The line containing "Yenidoğan Bebek Tulum", plus every line that follows it to the end of the listing below, is what you transcribe exactly; omit all pictures.
..........
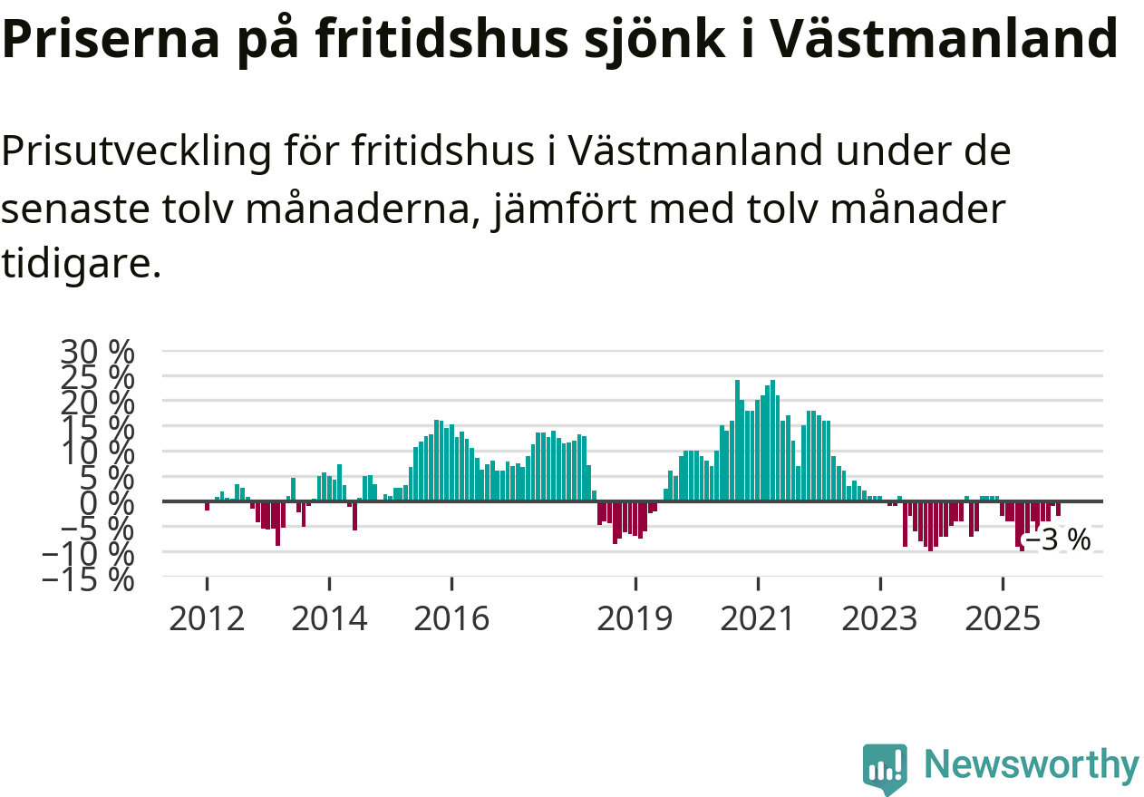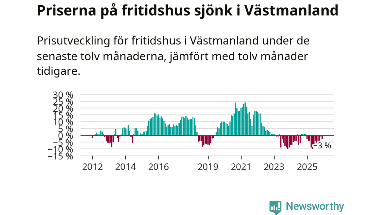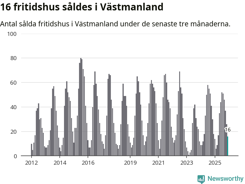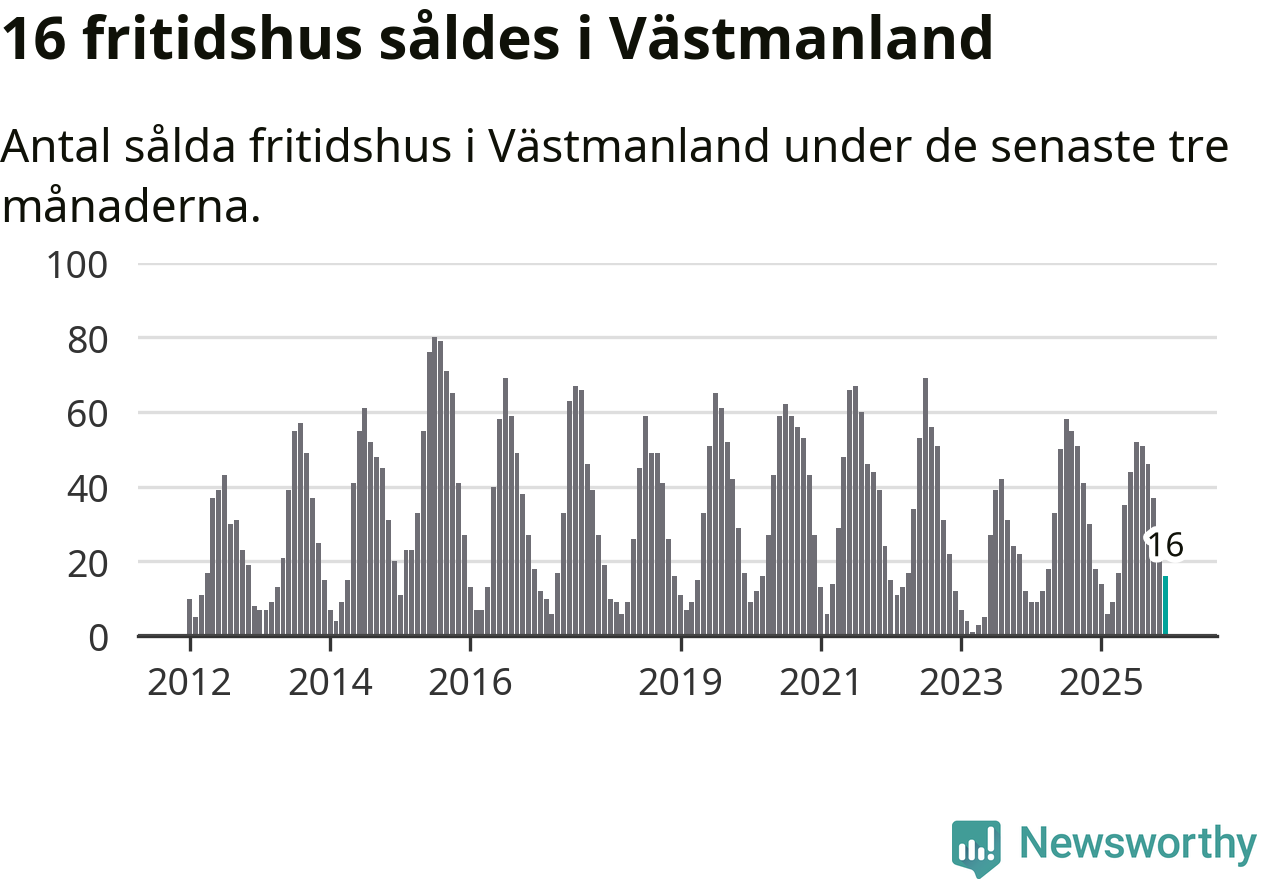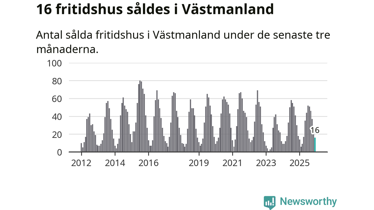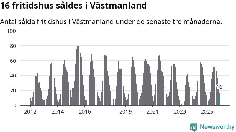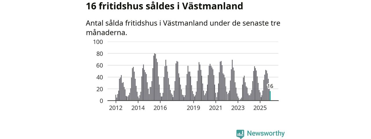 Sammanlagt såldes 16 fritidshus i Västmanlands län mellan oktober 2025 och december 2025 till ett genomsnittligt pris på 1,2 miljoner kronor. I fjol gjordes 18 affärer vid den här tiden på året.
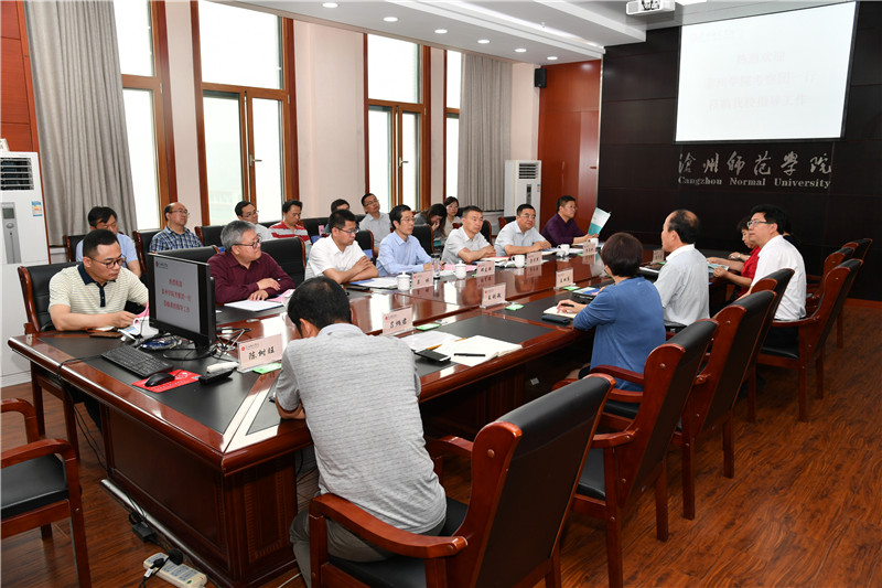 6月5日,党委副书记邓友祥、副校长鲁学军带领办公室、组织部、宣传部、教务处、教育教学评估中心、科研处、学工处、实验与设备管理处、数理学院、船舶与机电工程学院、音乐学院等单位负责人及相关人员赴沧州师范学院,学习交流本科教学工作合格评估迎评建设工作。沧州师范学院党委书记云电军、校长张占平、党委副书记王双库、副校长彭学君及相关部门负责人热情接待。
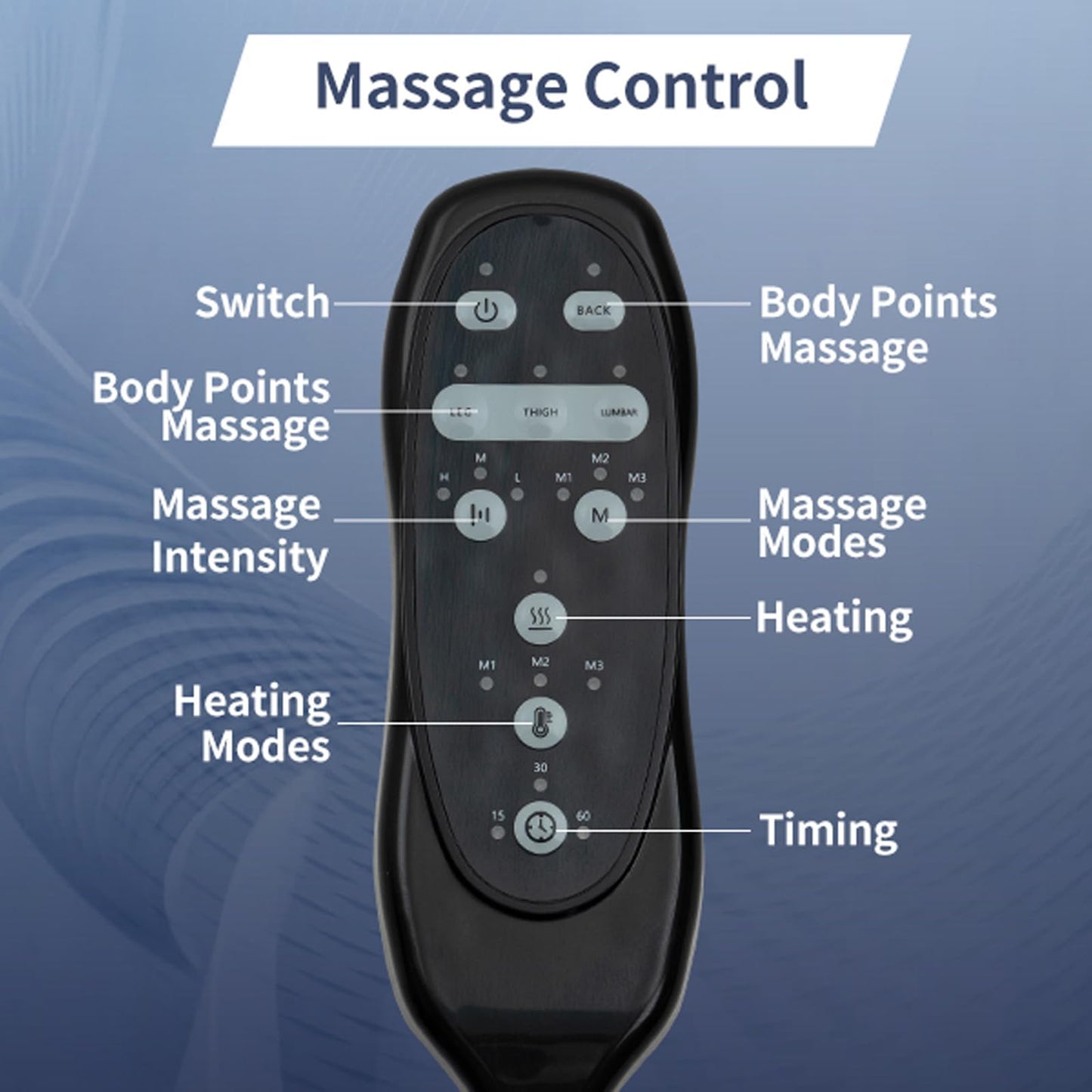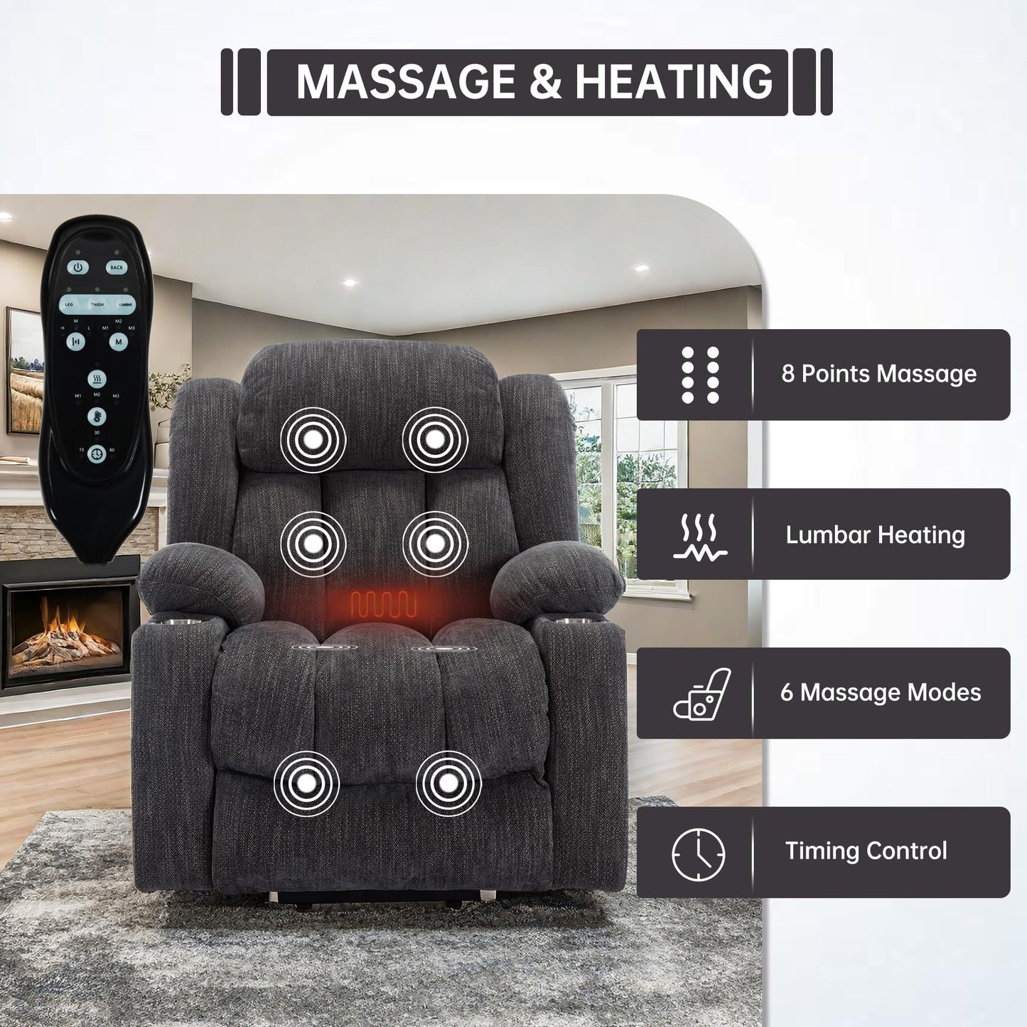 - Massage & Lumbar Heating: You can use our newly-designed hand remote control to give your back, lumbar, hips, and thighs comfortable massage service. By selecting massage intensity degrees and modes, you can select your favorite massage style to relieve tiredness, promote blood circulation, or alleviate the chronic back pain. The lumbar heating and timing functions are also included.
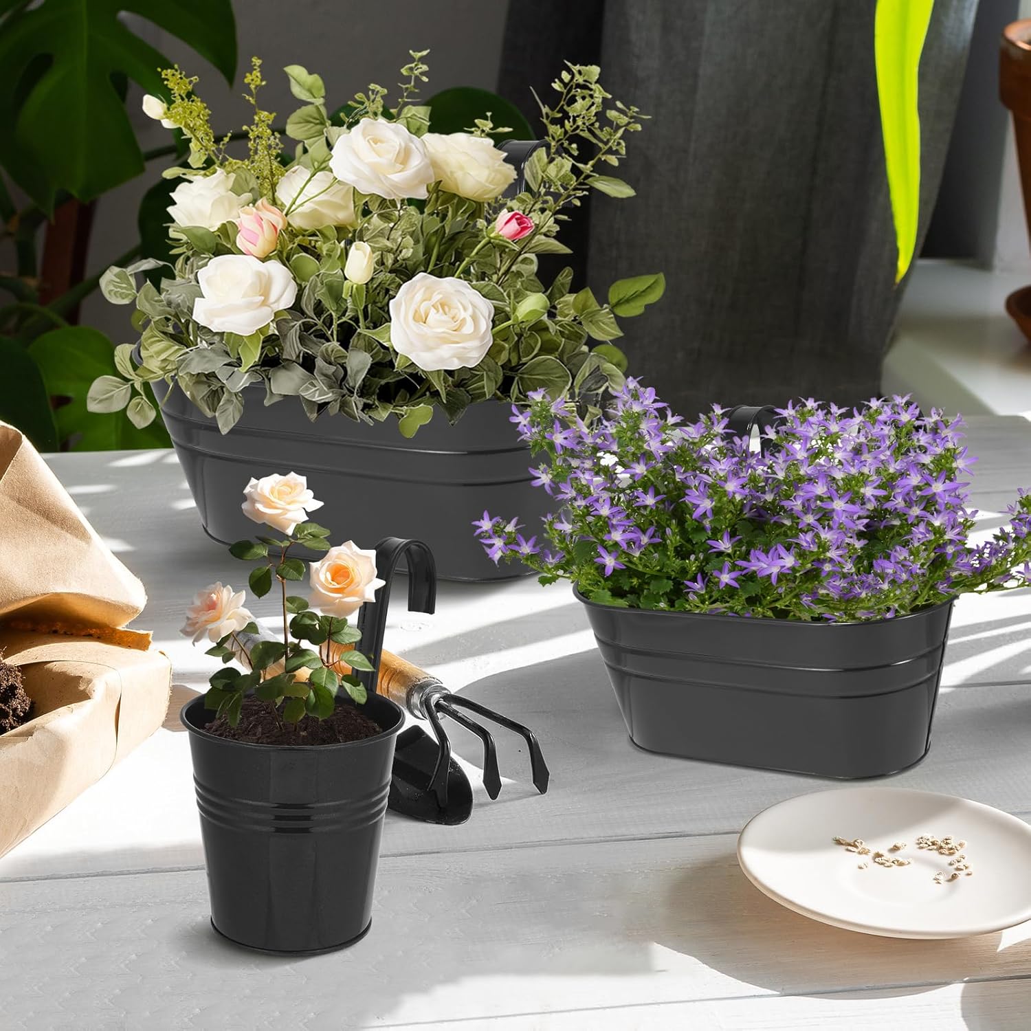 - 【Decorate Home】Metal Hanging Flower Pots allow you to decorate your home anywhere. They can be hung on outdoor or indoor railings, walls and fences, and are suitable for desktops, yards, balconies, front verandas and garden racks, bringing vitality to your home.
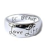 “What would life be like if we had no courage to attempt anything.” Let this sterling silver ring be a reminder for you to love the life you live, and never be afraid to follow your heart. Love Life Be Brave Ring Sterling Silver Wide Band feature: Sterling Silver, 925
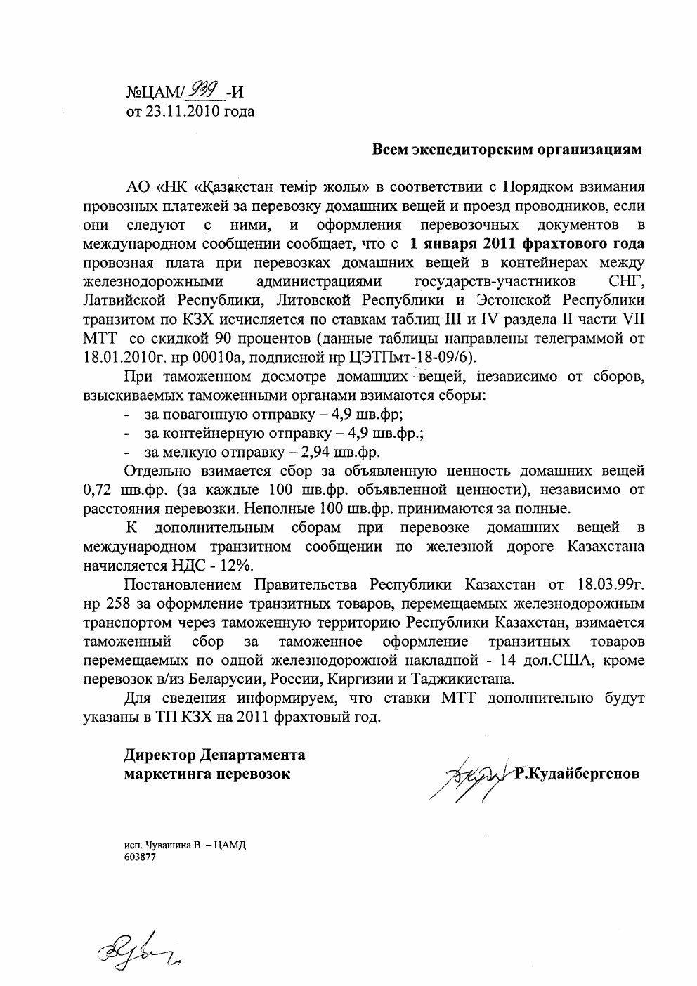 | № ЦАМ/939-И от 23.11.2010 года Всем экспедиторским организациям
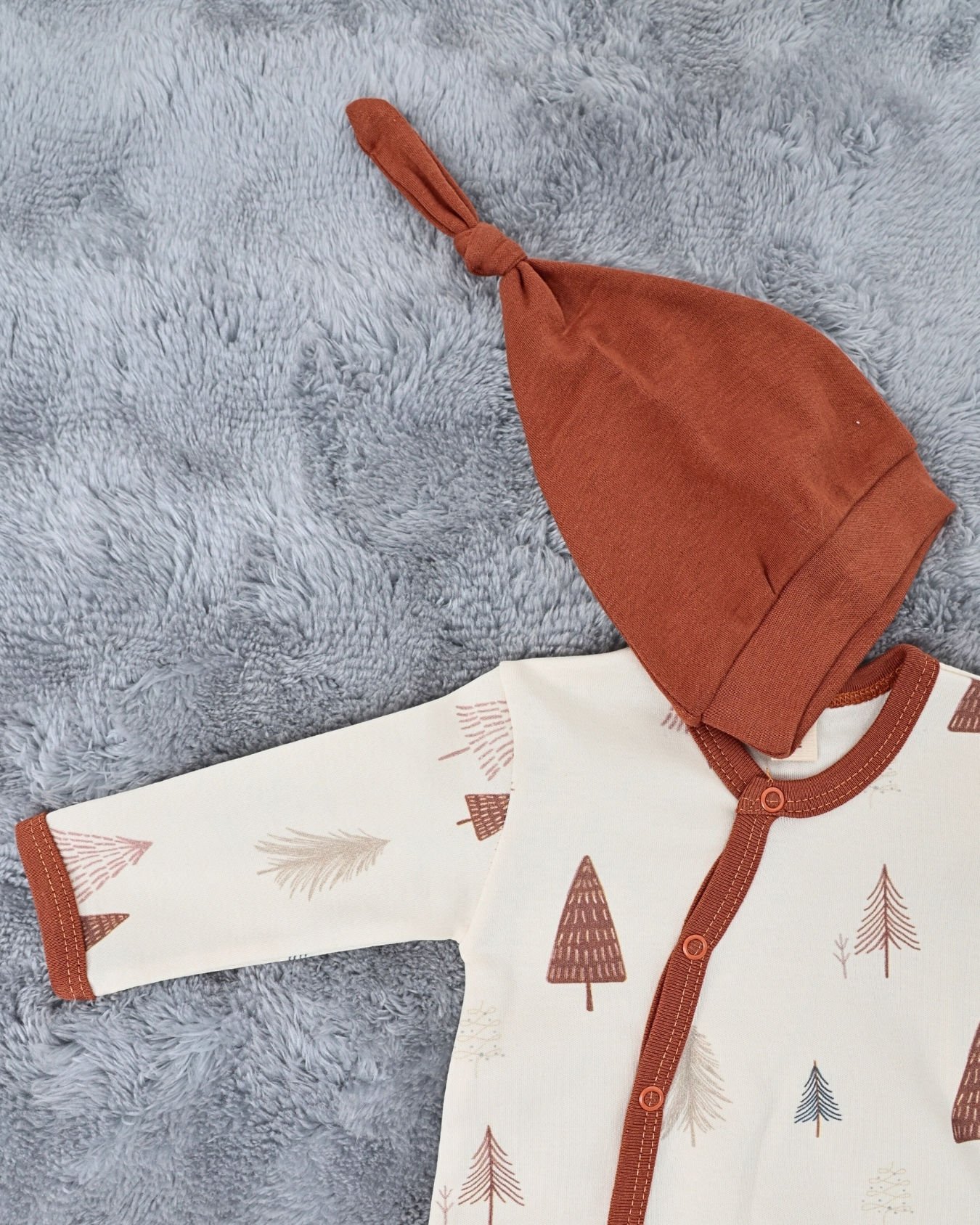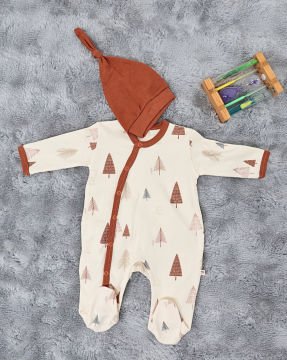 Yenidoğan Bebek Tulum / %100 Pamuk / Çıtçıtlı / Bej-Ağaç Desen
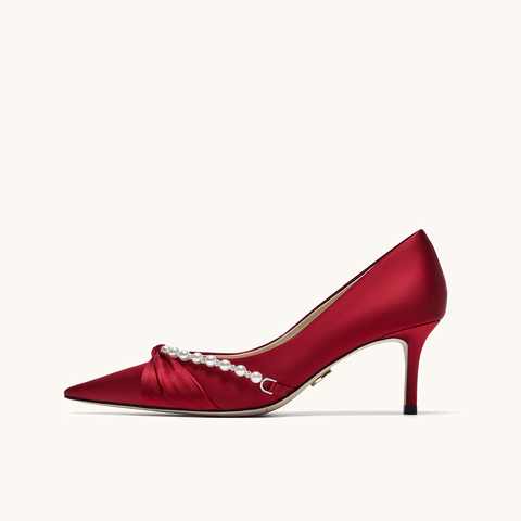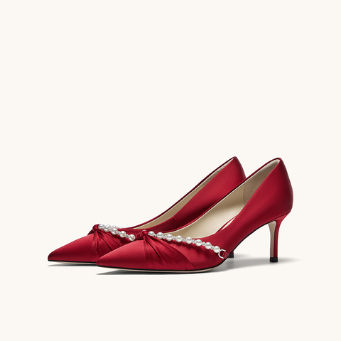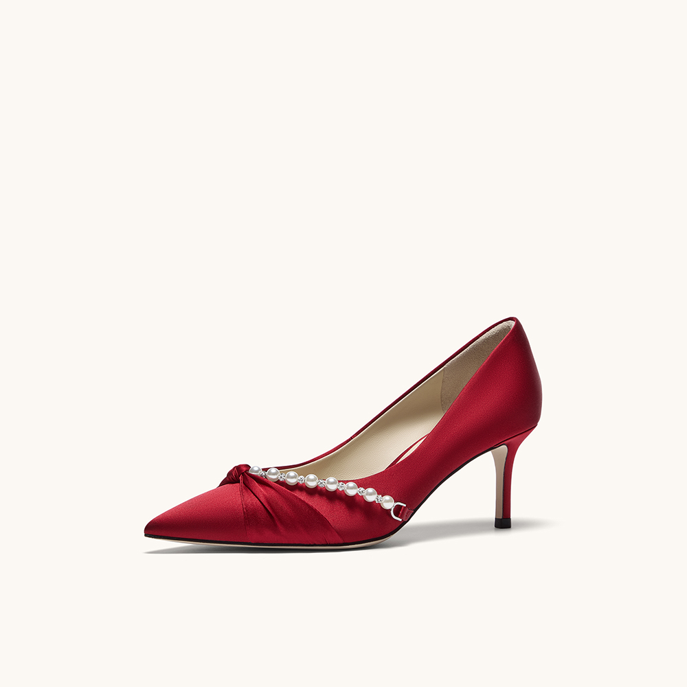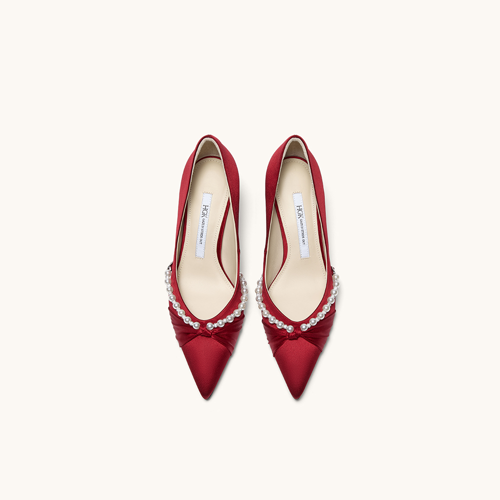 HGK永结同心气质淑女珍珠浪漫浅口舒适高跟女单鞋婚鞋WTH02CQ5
..........
> _Answer to the problem_:
 Yenidoğan Bebek Tulum / %100 Pamuk / Çıtçıtlı / Bej-Ağaç Desen
 HGK永结同心气质淑女珍珠浪漫浅口舒适高跟女单鞋婚鞋WTH02CQ5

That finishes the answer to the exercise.